An impressive groupware/e-mail/task management environment, GroupWise 5 offers everything from SoftSolutions document routing to Web access, all controlled from a user's universal inbox. Tasks, calendaring, shared document folders, even a drag-and-drop workflow utility from FileNet share this space. Moreover, GroupWise 5 runs on Windows, NetWare and UNIX servers-Microsoft Exchange doesn't-and its collaborative computing capabilities appear to be ahead of those in the base products of either Notes or Exchange.
But GroupWise has a long way to go before it can reach Notes' 15 million-plus user base-it now has about 6 million seats-or match what Exchange gained when Microsoft added it to Win95 and NT. The NetWare associations, low-key promotion and lack of third-party extensions won't help either. And a large percentage of GroupWise's target market, NetWare servers, still run NetWare 3.x; it needs NetWare 4.0.

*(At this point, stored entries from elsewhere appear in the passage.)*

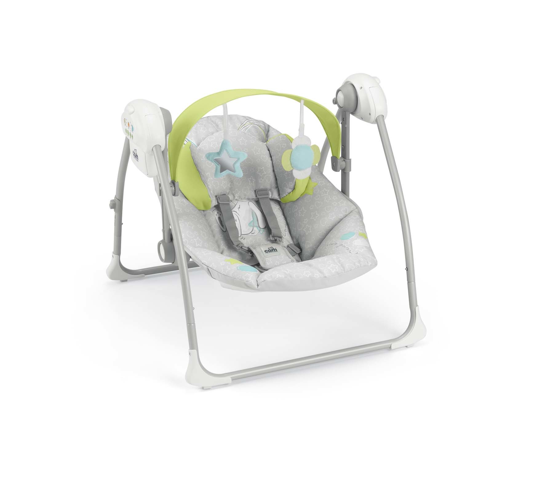 Nastavitelné opěradlo do 2 poloh vhodná od narození do 9kgměkký látkový potah a opěrka hlavy 5 ti bodový bezpečnostní pás sluneční stříška s nastavitelnou výškou a s dvěmi plyšovými hračkami nastavitelná výška 3 nastavitelné rychlosti automatické nastavení času vypnutí (po... číst celé
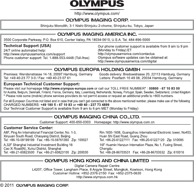 ● In the interest of continually improving our products, Olympus reserves the right to update or modify information
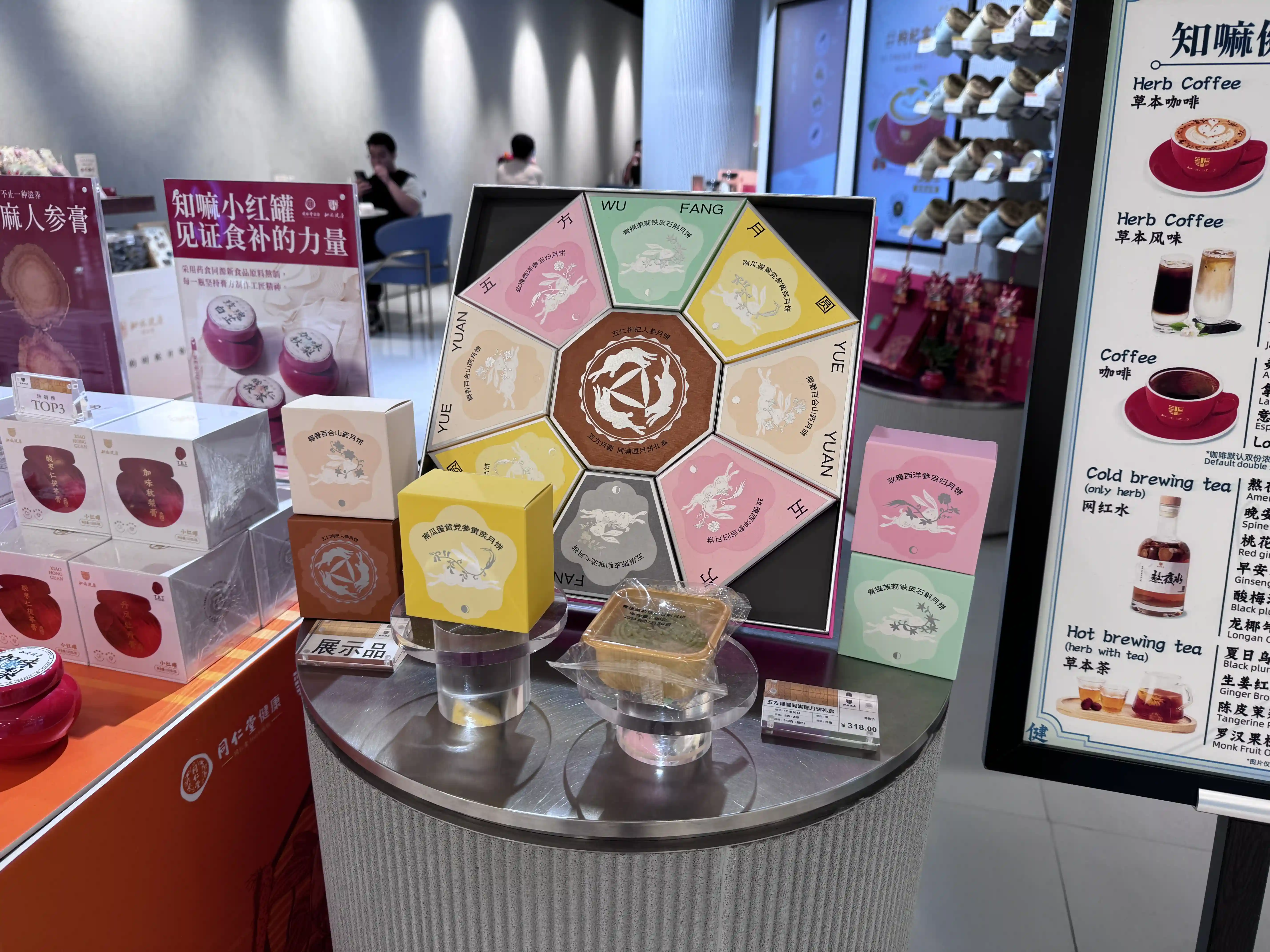 同样是老字号,这两天,位于王府井的同仁堂知嘛健康咖啡养生BAR也有了新变化。店门口显眼处精心布置的“中药健康月饼”柜台吸引了众多市民的注意。青提茉莉铁皮石斛月饼、五仁枸杞人参月饼、南瓜蛋黄党参黄芪月饼……这些馅料独特的月饼不仅融合了传统中医中的五行养生理念,也照顾到了现代消费者的口味倾向,吸引了不少年轻人前来尝鲜。“我们每年都会出月饼礼盒,今年的礼盒特别受欢迎,这两天有不少团购订单,周末门店还将举办月饼品鉴活动,欢迎大家来参加!”店员热情地说。
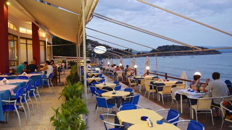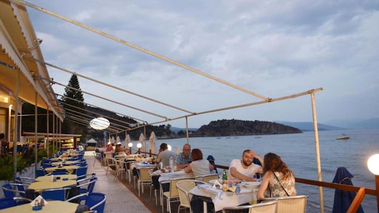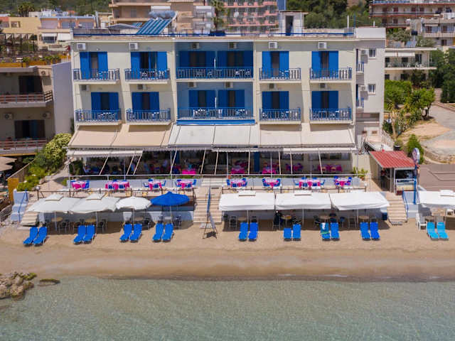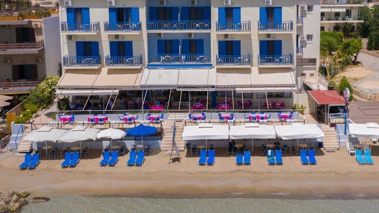 Morgens wird ein Frühstücksbuffet bereitgestellt. Zum Mittag- und Abendessen können Gäste im Restaurant aus einer Auswahl an griechischen Gerichten wählen, die auch im Freien genossen werden können. Die Bar bietet Kaffee und weitere Getränke.
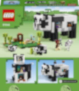 Als je van Minecraft® panda's houdt, zul je dit pandahuis met 3 verdiepingen geweldig vinden! Open de achterkant om de verschillende kamers te bekijken, elk gevuld met coole accessoires voor creatief plezier. Zin in iets nieuws? Herbouw je pandahuis zodat de panda zit of op alle 4 de poten staat! Ga samen met een onderzoeker de bamboejungle in. Voer taart aan een panda en babypanda – maar kijk uit voor het skelet met de kruisboog!
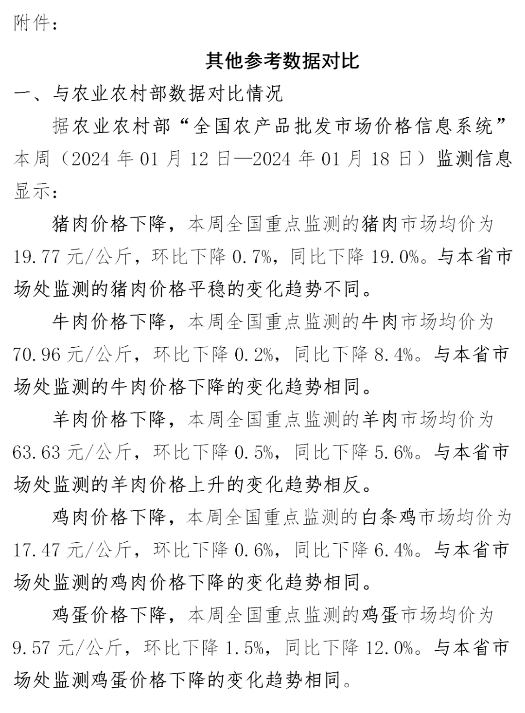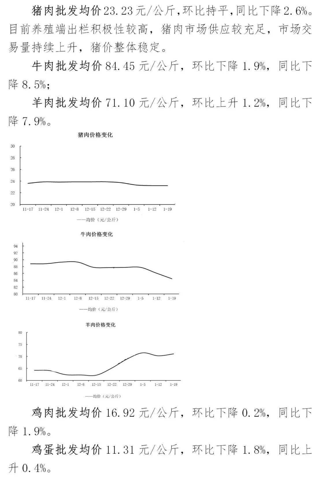 主要畜禽产品批发市场价格总体下降,其中,羊肉市场价格上升

The universal inbox is no longer a new idea; Notes 4.0 comes with one and Exchange goes universal in Microsoft's new desktop information manager, Out-look. Indeed, Outlook overcomes one of the biggest objections to Exchange: the lack of a good contact management/scheduling package.
Finally, despite the new ability to launch a URL directly from the in-box, Novell may have trouble positioning GroupWise 5 for the booming Internet/intranet market. Notes' Web repackaging includes the coming Domino Web server and commerce options, and Microsoft recently released Catapult, the proxy server complement to its Internet Information Server.